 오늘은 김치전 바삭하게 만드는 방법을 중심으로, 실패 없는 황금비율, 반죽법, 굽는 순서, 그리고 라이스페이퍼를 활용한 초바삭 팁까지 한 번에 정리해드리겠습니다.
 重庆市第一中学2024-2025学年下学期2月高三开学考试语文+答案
★ ★ ★ ★
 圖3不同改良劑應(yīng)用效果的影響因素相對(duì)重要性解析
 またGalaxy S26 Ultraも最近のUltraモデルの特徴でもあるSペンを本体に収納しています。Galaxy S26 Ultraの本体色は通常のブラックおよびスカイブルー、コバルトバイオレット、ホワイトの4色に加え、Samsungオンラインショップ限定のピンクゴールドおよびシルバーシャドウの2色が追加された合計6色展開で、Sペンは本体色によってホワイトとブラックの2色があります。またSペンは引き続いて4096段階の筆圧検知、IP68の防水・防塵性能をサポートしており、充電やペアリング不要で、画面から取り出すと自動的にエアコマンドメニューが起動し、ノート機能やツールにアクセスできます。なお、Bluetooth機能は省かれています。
★ ★ ★ ★
**YOUR OBJECTIVE**
Only one stretch of the entries above is wanted: the lines from the one containing "오늘은 김치전 바삭하게" through the one containing "重庆市第一中学2024-2025学年下学期2月高三开学考试语文+答案". Please reproduce it exactly.

**ANSWER SPACE**
 오늘은 김치전 바삭하게 만드는 방법을 중심으로, 실패 없는 황금비율, 반죽법, 굽는 순서, 그리고 라이스페이퍼를 활용한 초바삭 팁까지 한 번에 정리해드리겠습니다.
 重庆市第一中学2024-2025学年下学期2月高三开学考试语文+答案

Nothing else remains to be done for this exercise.